Data de Publicação: 28 de junho de 2015


O CRP-RJ vem neste dia 28 de junho de 2015 relembrar e reconhecer as lutas de todas as pessoas LGBT na conquista e garantia de sua visibilidade, cidadania e direitos.

A data que comemoramos e visibilizamos nesse mês relembra os 46 anos de articulação política organizada por pessoas que foram e são perseguidas por causa das suas vivências e práticas diversas no que diz respeito à orientação sexual e à identidade de gênero. No dia 28 de junho 1969, conflitos violentos entre a polícia e pessoas lésbicas, gays, bissexuais e transgêneras se iniciaram na cidade de Nova Iorque (EUA), no bar Stonewall Inn e nas ruas vizinhas, durando vários dias. Esses eventos, nomeados de “Rebelião de Stonewall”, serviram de catalisadores para os movimentos modernos em defesa dos direitos sociais e civis LGBT, pois foi a primeira vez em que um grande número de pessoas LGBT se juntaram para resistir às opressões sociais e aos maus tratos da polícia. A partir dessa data, um movimento civil organizado foi crescendo em vários países e regiões, e o movimento LGBT consolidou sua representatividade na luta por igualdade e liberdade individuais e pela garantia de direitos sociais e civis.

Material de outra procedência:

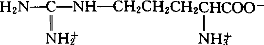 精氨酸arginine,Arg,R.α-氨基-δ-胍基戊酸。碱性氨基酸,等电点为10.76,水中溶解度大,有苦味。精子蛋白的重要组分。对于动物属于必需氨基酸,人体虽能自身合成,但合成速度较慢,故对人称之为半必需氨基酸。与生物体内尿素形成密切相关,还能形成磷酸精氨酸及磷酸肌酸,后者在能量代谢中有重要作用。在植物种子中,常作为氮源的一种形式被贮存以供种子萌发所需。代谢产物精胺和亚精胺,以及含精氨酸较多的碱性组蛋白,在稳定原核和真核细胞中的DNA以及在DNA的遗传信息表达过程中均起十分重要的作用。

A diversidade sexual e de gênero é muita vezes vista de forma negativa por representar práticas, vivências e performances sexuais e de gênero diferentes dos padrões heterossexual e cisgênero (nota 1) dominantes e estabelecidos como norma. Tal visão negativista levou à produção de saberes e práticas profissionais e institucionais que tinham por finalidade controlar, submeter e extinguir essas vivências definidas como deploráveis e pervertidas. Órgãos de representatividade da saúde que delimitavam e instituíam as condições sobre saúde e doença (como é o caso dos manuais DSM, elaborado pela American Psychiatric Association – APA, e o CID – elaborado pela OMS Organização Mundial de Saúde – OMS), categorizaram essas vivências como sendo doenças, patologias que precisavam ser tratadas. Essa realidade levou a discursos de negação, opressão e supressão da diversidade humana e da capacidade constante que a vida possui de se diferenciar e se pluralizar.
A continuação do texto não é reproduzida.